If your controls meet or exceed the current CSF requirements, you will receive a report indicating that you have attained HITRUST CSF validation. Depending on your organizational scope, this process may take anywhere from six to eight weeks, perhaps even longer.
What is CSF Certification?
Once validation is complete and your information is submitted to HITRUST, you enter into the lengthiest part of the assessment. For the next few months or even one to two years, HITRUST will scrutinize every aspect of your report to ensure that you comply with each and every regulation and have provided all necessary forms of documentation.
In due course of time, you will receive word from the HITRUST Alliance as to whether you have been granted that most sought-after of honors: HITRUST CSF Certification.
As you well know, the security landscape is constantly changing. Therefore, even the most rigorous certification must be updated on a regular basis. In the case of the HITRUST CSF, you are required to conduct an annual audit to demonstrate that your practices and controls are in sync with the latest changes in IT security.
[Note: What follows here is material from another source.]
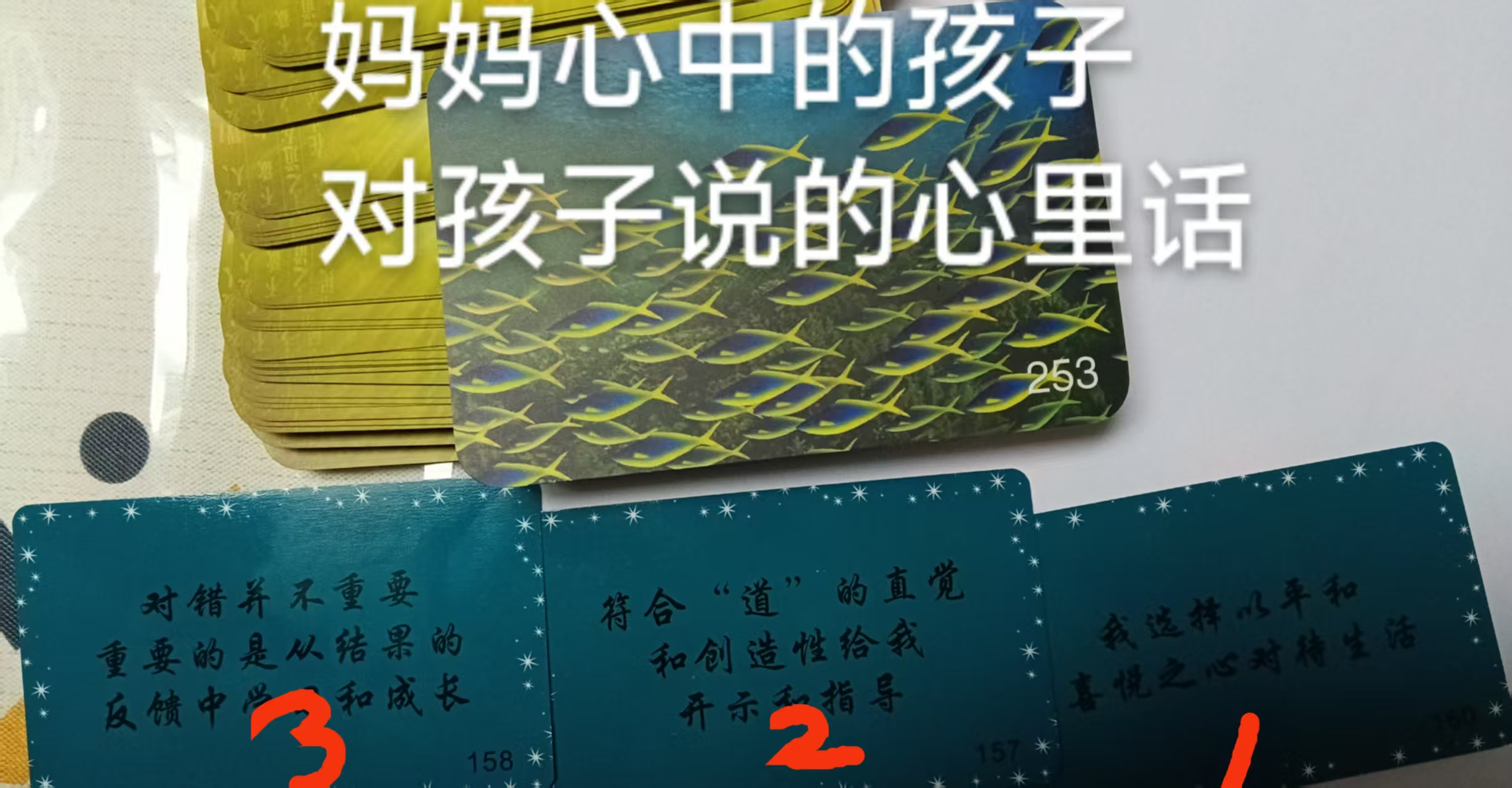 母亲抽取龙卡时,一张带出两张的偶然现象,是“三生万物”“和而不同”理念的拆解分析,揭示出她内心深处真正的诉求:希望孩子活出喜悦平和、与道同行的状态,超越对错执念,实现人格成熟与生命成长。孩子则以“只有体验才能把我们与我们的外界重新结合”回应,结合圣贤“知行合一”智慧解读,指出孩子虽尚未完全领悟,但已在潜意识中寻求情感连接修复的愿望与未来发展的途径。

This process is much less time-consuming than the initial audit, which can take anywhere from one to three years to complete. By contrast, your yearly assessment should be accomplished in one or two months.
Safeguarding patient and customer data is one of the most important responsibilities with which any company can be charged. Fortunately, the HITRUST CSF is there to guide you through every step of this complex process. Expensive and time-consuming as it undeniably is, this tool enables both you and the people and entities you serve to have the peace of mind that can only come when you know that the information you hold is safe.